LangGraph models for stateful agents track sequences of actions and states over time. Key metrics include accuracy for correct state predictions, precision and recall for detecting important events or decisions, and F1 score to balance precision and recall. These metrics matter because the agent must remember past states correctly and make accurate decisions based on them. A wrong state prediction can cause wrong actions later.
LangGraph for stateful agents in Agentic AI - Model Metrics & Evaluation
Predicted State
| S1 | S2 | S3 |
-------------------------
S1| 40 | 5 | 3 |
S2| 4 | 35 | 6 |
S3| 2 | 7 | 38 |
Total samples = 40+5+3+4+35+6+2+7+38 = 140
This matrix shows how often the agent predicted each state correctly (diagonal) or confused it with others (off-diagonal). From this, we calculate precision and recall per state.
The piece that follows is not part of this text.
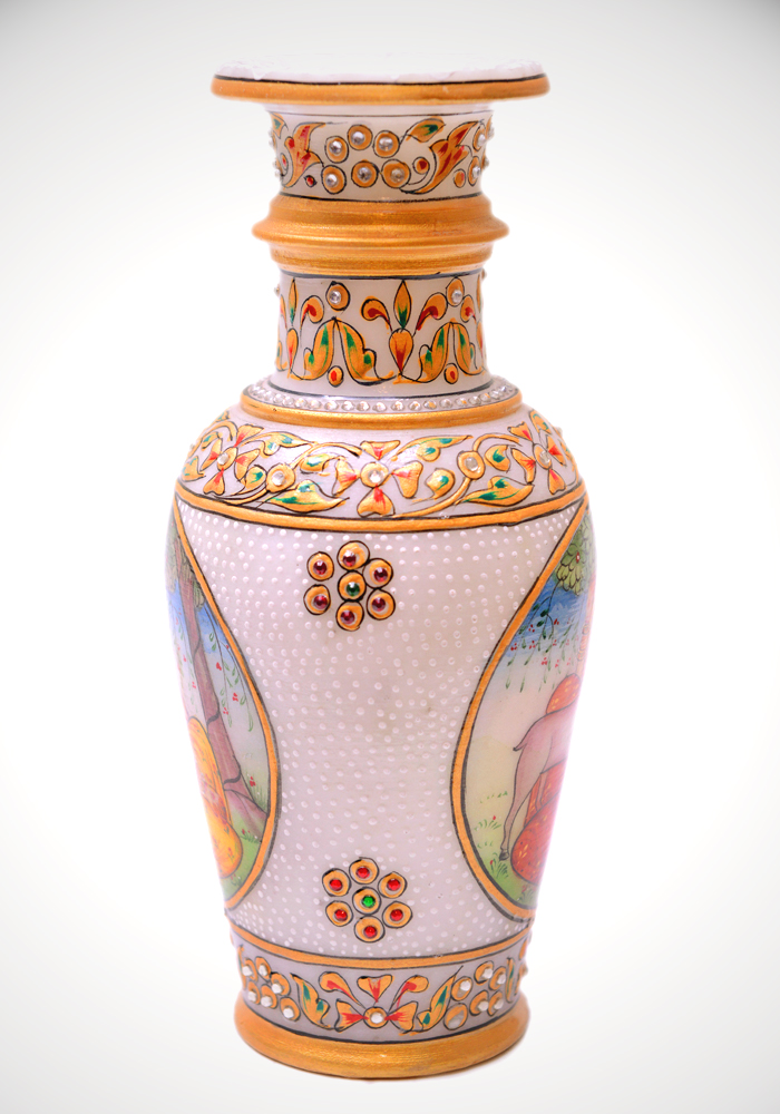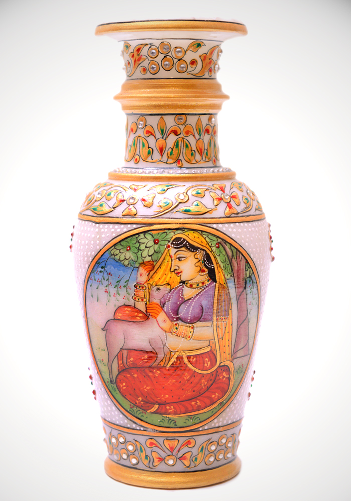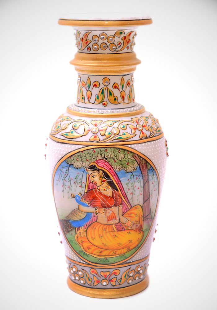 Indian Lady Flower Vase Hand Crafted And Painted In White Marble

Imagine the agent detects a critical event in the state graph. High precision means when it says the event happened, it really did (few false alarms). High recall means it finds most of the actual events (few misses).
For safety-critical agents, missing an event (low recall) can be dangerous, so recall is prioritized. For agents where false alarms cause costly actions, precision is more important.
- Good: Accuracy > 90%, Precision and Recall both > 85%, F1 score > 0.85. This means the agent reliably tracks states and detects events.
- Bad: Accuracy < 70%, Precision or Recall < 50%. This means the agent often mispredicts states or misses important events, leading to poor decisions.
- Accuracy paradox: High accuracy can be misleading if some states are very common. The agent might ignore rare but important states.
- Data leakage: If future states leak into training, evaluation metrics become unrealistically high.
- Overfitting: The agent may memorize training sequences but fail on new ones, causing poor real-world performance.
Your LangGraph agent has 98% accuracy but only 12% recall on detecting a critical state change. Is it good for production? Why or why not?
Answer: No, it is not good. Despite high accuracy, the agent misses most critical state changes (low recall). This can cause serious failures because important events are not detected.